- **RECORDS SHOWN**:
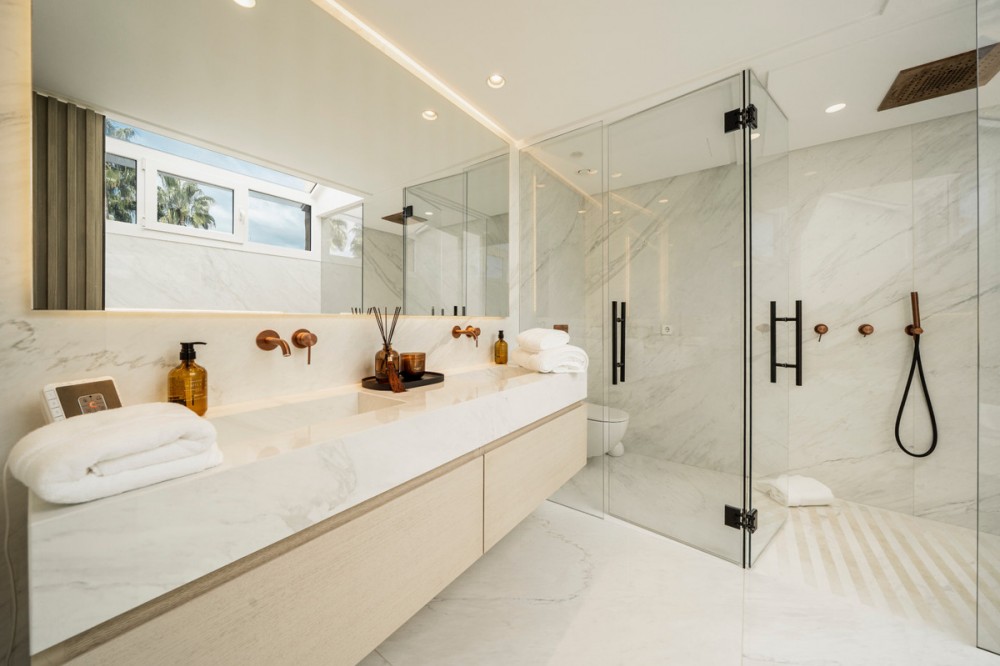 - Please note: For us to provide You with our best possible service, please leave your email and phone number when sending your enquiry. Thank you Welcome to this stunningly renovated 3-bedroom duplex penthouse, where contemporary elegance meets coastal-inspired comfort. Refurbished to the highest standards, the home features beautiful oak flooring throughout, including striking herringbone details that bring timeless sophistication and warmth to every space. The penthouse offers three spacious en-suite bedrooms, each designed with serene Mediterranean tones for a calming retreat. The master bedroom boasts a generous walk-in closet, providing ample storage and a luxurious dressing experience. The open-plan living and dining area is bathed in natural light and flows seamlessly onto large terraces, perfect for sunbathing, entertaining, or enjoying tranquil sunsets. The modern kitchen is fully equipped with top-of-the-line appliances, and the living room is furnished with high-quality pieces, creating a refined yet inviting atmosphere. Set within a gated community with 24-hour security, residents enjoy peace of mind and exclusivity. The community also features three beautifully maintained swimming pools, spacious landscaped gardens, and tennis and paddle courts—all just a short stroll from nearby golf courses. With its prime location, exceptional amenities, and elegant interiors, this duplex penthouse is a rare opportunity to enjoy luxury living in one of the area’s most sought-after communities. OUR AGENCY IS REDEFINING THE REAL ESTATE EXPERIENCE WITH A DEDICATION TO SEAMLESS, CLIENT-CENTRIC SERVICE. Our mission goes far beyond property transactions — we deliver a complete, elevated journey into property ownership, designed to make every step as smooth and stress-free as possible. With our specialized Visa support, we simplify international relocation by expertly handling the legal and administrative complexities for you and your family. To make your start in Spain even easier, we also offer complimentary N.I.E. assistance, removing bureaucratic obstacles and saving you valuable time. We understand that every investment matters. That’s why our collaborating mortgage brokerage team works tirelessly to secure the most competitive terms tailored to your unique financial profile — making your property dreams more attainable than ever. Our approach is clear and direct: you deal exclusively with us, without unnecessary intermediaries. This ensures a transparent, streamlined buying process. We also provide complimentary legal guidance to safeguard your investment and guarantee your interests are protected throughout. You benefit from exclusive access to premium listings, offered by our dedicated agents who possess deep market insight and access to off-market opportunities. This is not just about finding a property — it’s about creating a personalized experience that fits your lifestyle and long-term vision. We don’t just sell properties — we help you build your future, with care, clarity, and confidence. LET US MOVE YOU!
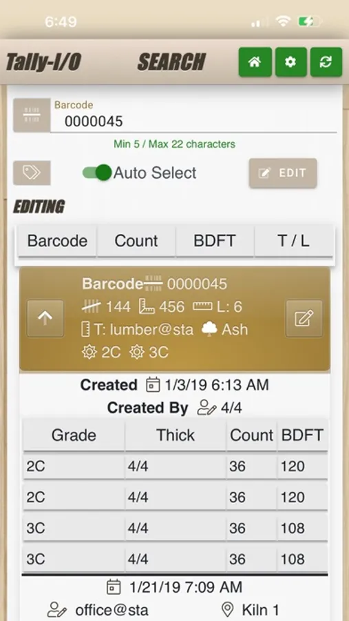 See a running total of the board count and volume while entering the lumber from a separate device
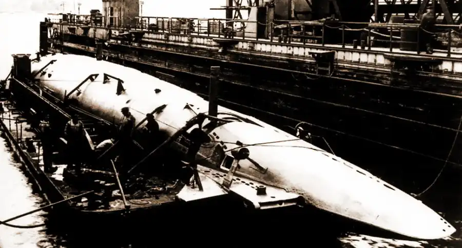 Подводная лодка типа IIB подготовлена к транспортировке по Эльбе.
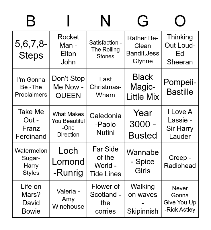 This bingo card has a free space and 24 words: Loch Lomond -Runrig, Valeria -Amy Winehouse, Last Christmas- Wham, Life on Mars? David Bowie, Thinking Out Loud-Ed Sheeran, 5,6,7,8-Steps, I'm Gonna Be -The Proclaimers, Rocket Man -Elton John, Year 3000 -Busted, Far Side of the World - Tide Lines, Black Magic- Little Mix, Take Me Out -Franz Ferdinand, Wannabe - Spice Girls, Creep - Radiohead, Don't Stop Me Now -QUEEN, Walking on waves -Skipinnish, I Love A Lassie - Sir Harry Lauder, Satisfaction - The Rolling Stones, Pompeii-Bastille, What Makes You Beautiful -One Direction, Never Gonna Give You Up -Rick Astley, Watermelon Sugar-Harry Styles, Rather Be-Clean Bandit,Jess Glynne and Flower of Scotland - the corries.
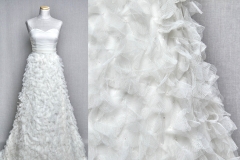 Ivory nylon tulle, cut into petals or teardrops, hand sewn onto a silk chiffon, with a matching sequin at the attaching point for added shimmer.
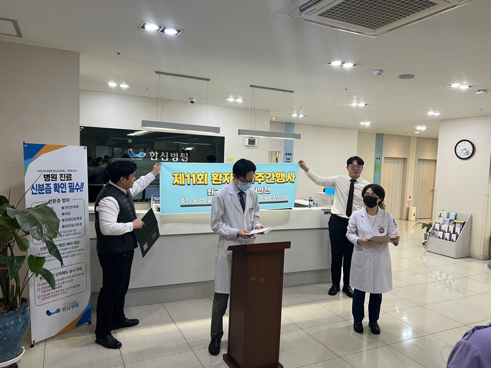 저희 (의)용각의료재단 한신병원 환자안전실 주관으로 제 11회 환자안전주간 행사를 시행하였습니다.
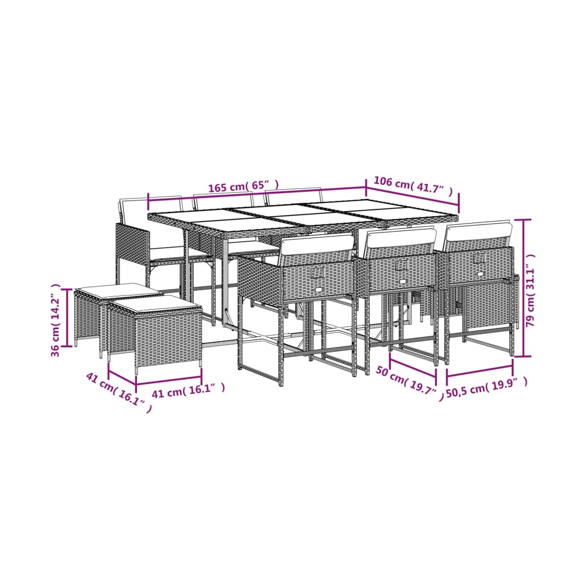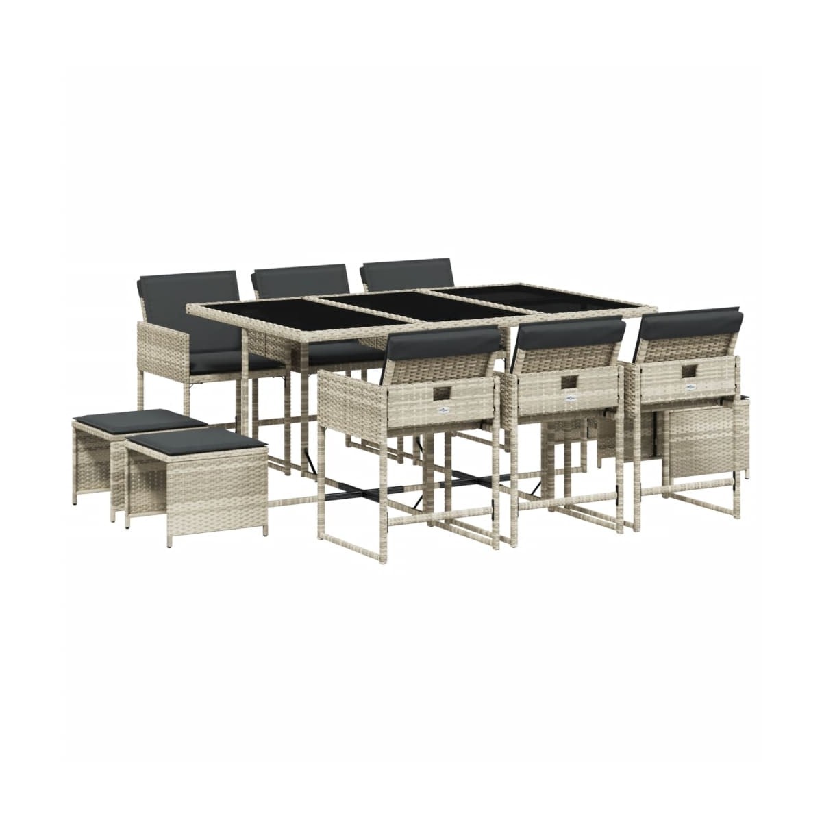 Este juego de comedor de jardín es una gran elección para comer al aire libre o simplemente para relajarte en el jardín, el patio o la terraza. Material duradero: El ratán PE, también conocido como ratán sintético, es un material sintético resistente y de bajo mantenimiento que se parece al ratán natural. Es ligero, fácil de limpiar y se usa comúnmente para muebles de exterior debido a su durabilidad y propiedades resistentes a la intemperie.Almacenamiento compacto: Estas sillas tienen un respaldo con solapa que se puede plegar, lo que facilita guardarlas debajo de la mesa. Cuando están plegadas, caben perfectamente debajo de la mesa, formando un cubo que ahorra espacio. Además, los taburetes también se pueden guardar debajo de las sillas, maximizando aún más la eficiencia del espacio.Experiencia de asiento cómoda: Estos muebles de exterior, completos con cojines acolchados gruesos, ofrecen una experiencia de asiento cómoda.Funda extraíble y lavable: Estos cojines de asiento cuentan con fundas desenfundables para facilitar el lavado y mantenimiento. Las fundas de los cojines poseen una solapa trasera que permite adherirlas fácilmente a los respaldos.Superficie de vidrio: La superficie de la mesa de exterior es de vidrio templado resistente y duradero, por lo que es fácil de limpiar con un paño húmedo y añade un toque de elegancia a tu espacio exterior. Información útil: Para asegurarte de que tus muebles de exterior se mantengan hermosos, recomendamos protegerlos con una funda impermeable.
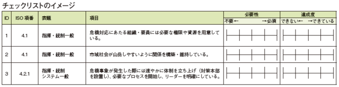 一般社団法人レジリエンス協会(会長:国立研究開発法人防災科学技術研究所 林春男理事長)は、危機対応に関する国際規格であるISO22320(社会セキュリティ−緊急事態管理−危機対応に関する要求事項)の簡易版自己診断チェックリストを公開している。規格の要求事項を精査・分析し、最低限必要と思われる33のチェックリストをわかりやすくまとめたもの。誰でも回答することができ、結果はレーダーチャートで表示され、自組織の危機管理体制などを再確認することができる。
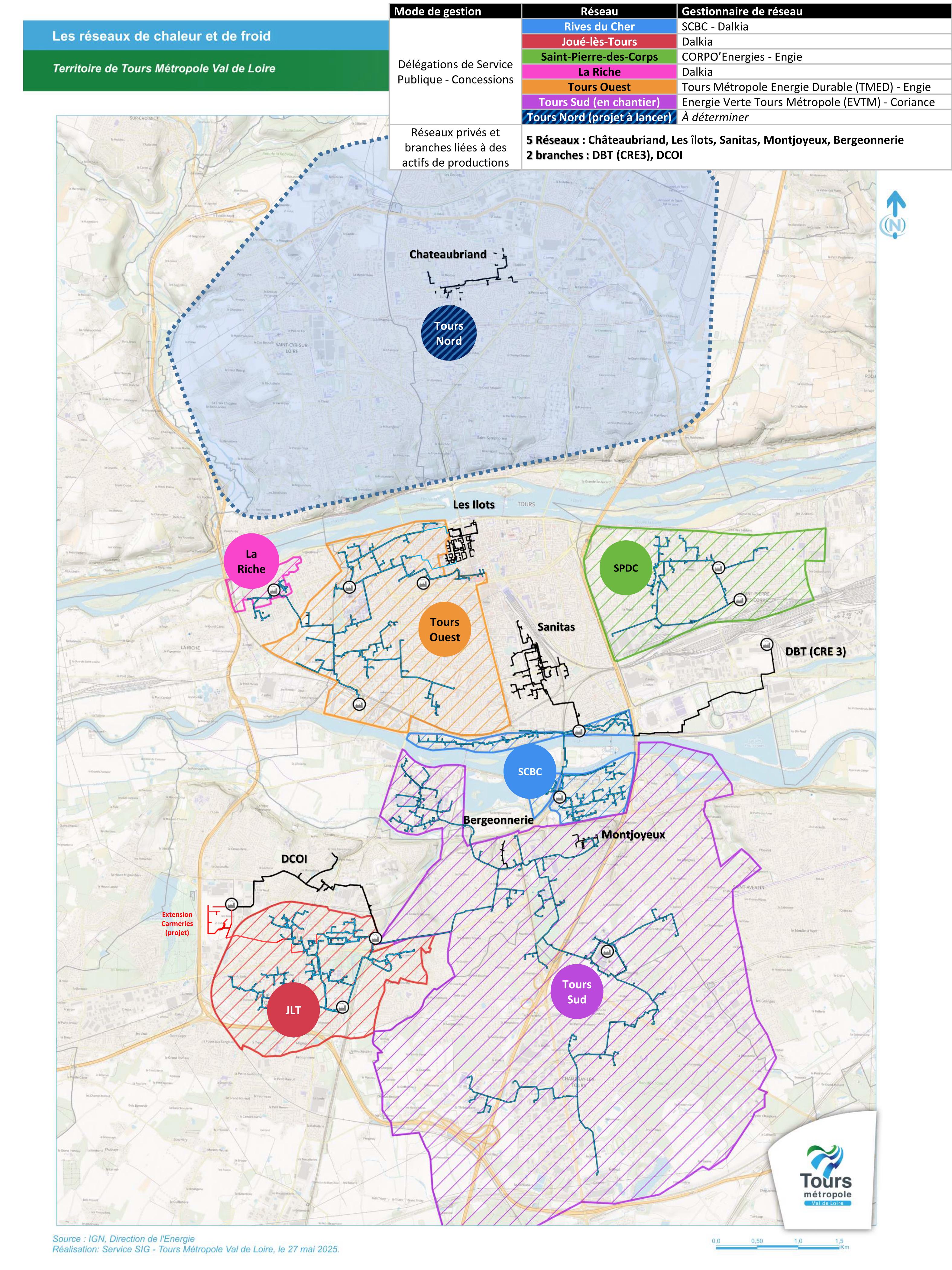 Un 6ème réseau de chaleur (Tours Sud) est effectivement en cours de déploiement dans le cadre d’un contrat de délégation de service public confié au groupe Coriance. Au total, 25 km de réseaux chaud et 5 km de réseaux froid seront créés d’ici 2029 pour desservir les villes de Chambray-lès-Tours, Joué-lès-Tours, Saint-Avertin, ainsi que le campus Grandmont et le quartier des Deux-Lions.

- **WHAT TO DO**: Would you set down the material exactly as it stands, without the pictures?

- **EXERCISE RESPONSE**:
 - Please note: For us to provide You with our best possible service, please leave your email and phone number when sending your enquiry. Thank you Welcome to this stunningly renovated 3-bedroom duplex penthouse, where contemporary elegance meets coastal-inspired comfort. Refurbished to the highest standards, the home features beautiful oak flooring throughout, including striking herringbone details that bring timeless sophistication and warmth to every space. The penthouse offers three spacious en-suite bedrooms, each designed with serene Mediterranean tones for a calming retreat. The master bedroom boasts a generous walk-in closet, providing ample storage and a luxurious dressing experience. The open-plan living and dining area is bathed in natural light and flows seamlessly onto large terraces, perfect for sunbathing, entertaining, or enjoying tranquil sunsets. The modern kitchen is fully equipped with top-of-the-line appliances, and the living room is furnished with high-quality pieces, creating a refined yet inviting atmosphere. Set within a gated community with 24-hour security, residents enjoy peace of mind and exclusivity. The community also features three beautifully maintained swimming pools, spacious landscaped gardens, and tennis and paddle courts—all just a short stroll from nearby golf courses. With its prime location, exceptional amenities, and elegant interiors, this duplex penthouse is a rare opportunity to enjoy luxury living in one of the area’s most sought-after communities. OUR AGENCY IS REDEFINING THE REAL ESTATE EXPERIENCE WITH A DEDICATION TO SEAMLESS, CLIENT-CENTRIC SERVICE. Our mission goes far beyond property transactions — we deliver a complete, elevated journey into property ownership, designed to make every step as smooth and stress-free as possible. With our specialized Visa support, we simplify international relocation by expertly handling the legal and administrative complexities for you and your family. To make your start in Spain even easier, we also offer complimentary N.I.E. assistance, removing bureaucratic obstacles and saving you valuable time. We understand that every investment matters. That’s why our collaborating mortgage brokerage team works tirelessly to secure the most competitive terms tailored to your unique financial profile — making your property dreams more attainable than ever. Our approach is clear and direct: you deal exclusively with us, without unnecessary intermediaries. This ensures a transparent, streamlined buying process. We also provide complimentary legal guidance to safeguard your investment and guarantee your interests are protected throughout. You benefit from exclusive access to premium listings, offered by our dedicated agents who possess deep market insight and access to off-market opportunities. This is not just about finding a property — it’s about creating a personalized experience that fits your lifestyle and long-term vision. We don’t just sell properties — we help you build your future, with care, clarity, and confidence. LET US MOVE YOU!
 See a running total of the board count and volume while entering the lumber from a separate device
 Подводная лодка типа IIB подготовлена к транспортировке по Эльбе.
 This bingo card has a free space and 24 words: Loch Lomond -Runrig, Valeria -Amy Winehouse, Last Christmas- Wham, Life on Mars? David Bowie, Thinking Out Loud-Ed Sheeran, 5,6,7,8-Steps, I'm Gonna Be -The Proclaimers, Rocket Man -Elton John, Year 3000 -Busted, Far Side of the World - Tide Lines, Black Magic- Little Mix, Take Me Out -Franz Ferdinand, Wannabe - Spice Girls, Creep - Radiohead, Don't Stop Me Now -QUEEN, Walking on waves -Skipinnish, I Love A Lassie - Sir Harry Lauder, Satisfaction - The Rolling Stones, Pompeii-Bastille, What Makes You Beautiful -One Direction, Never Gonna Give You Up -Rick Astley, Watermelon Sugar-Harry Styles, Rather Be-Clean Bandit,Jess Glynne and Flower of Scotland - the corries.
 Ivory nylon tulle, cut into petals or teardrops, hand sewn onto a silk chiffon, with a matching sequin at the attaching point for added shimmer.
 저희 (의)용각의료재단 한신병원 환자안전실 주관으로 제 11회 환자안전주간 행사를 시행하였습니다.
 Este juego de comedor de jardín es una gran elección para comer al aire libre o simplemente para relajarte en el jardín, el patio o la terraza. Material duradero: El ratán PE, también conocido como ratán sintético, es un material sintético resistente y de bajo mantenimiento que se parece al ratán natural. Es ligero, fácil de limpiar y se usa comúnmente para muebles de exterior debido a su durabilidad y propiedades resistentes a la intemperie.Almacenamiento compacto: Estas sillas tienen un respaldo con solapa que se puede plegar, lo que facilita guardarlas debajo de la mesa. Cuando están plegadas, caben perfectamente debajo de la mesa, formando un cubo que ahorra espacio. Además, los taburetes también se pueden guardar debajo de las sillas, maximizando aún más la eficiencia del espacio.Experiencia de asiento cómoda: Estos muebles de exterior, completos con cojines acolchados gruesos, ofrecen una experiencia de asiento cómoda.Funda extraíble y lavable: Estos cojines de asiento cuentan con fundas desenfundables para facilitar el lavado y mantenimiento. Las fundas de los cojines poseen una solapa trasera que permite adherirlas fácilmente a los respaldos.Superficie de vidrio: La superficie de la mesa de exterior es de vidrio templado resistente y duradero, por lo que es fácil de limpiar con un paño húmedo y añade un toque de elegancia a tu espacio exterior. Información útil: Para asegurarte de que tus muebles de exterior se mantengan hermosos, recomendamos protegerlos con una funda impermeable.
 一般社団法人レジリエンス協会(会長:国立研究開発法人防災科学技術研究所 林春男理事長)は、危機対応に関する国際規格であるISO22320(社会セキュリティ−緊急事態管理−危機対応に関する要求事項)の簡易版自己診断チェックリストを公開している。規格の要求事項を精査・分析し、最低限必要と思われる33のチェックリストをわかりやすくまとめたもの。誰でも回答することができ、結果はレーダーチャートで表示され、自組織の危機管理体制などを再確認することができる。
 Un 6ème réseau de chaleur (Tours Sud) est effectivement en cours de déploiement dans le cadre d’un contrat de délégation de service public confié au groupe Coriance. Au total, 25 km de réseaux chaud et 5 km de réseaux froid seront créés d’ici 2029 pour desservir les villes de Chambray-lès-Tours, Joué-lès-Tours, Saint-Avertin, ainsi que le campus Grandmont et le quartier des Deux-Lions.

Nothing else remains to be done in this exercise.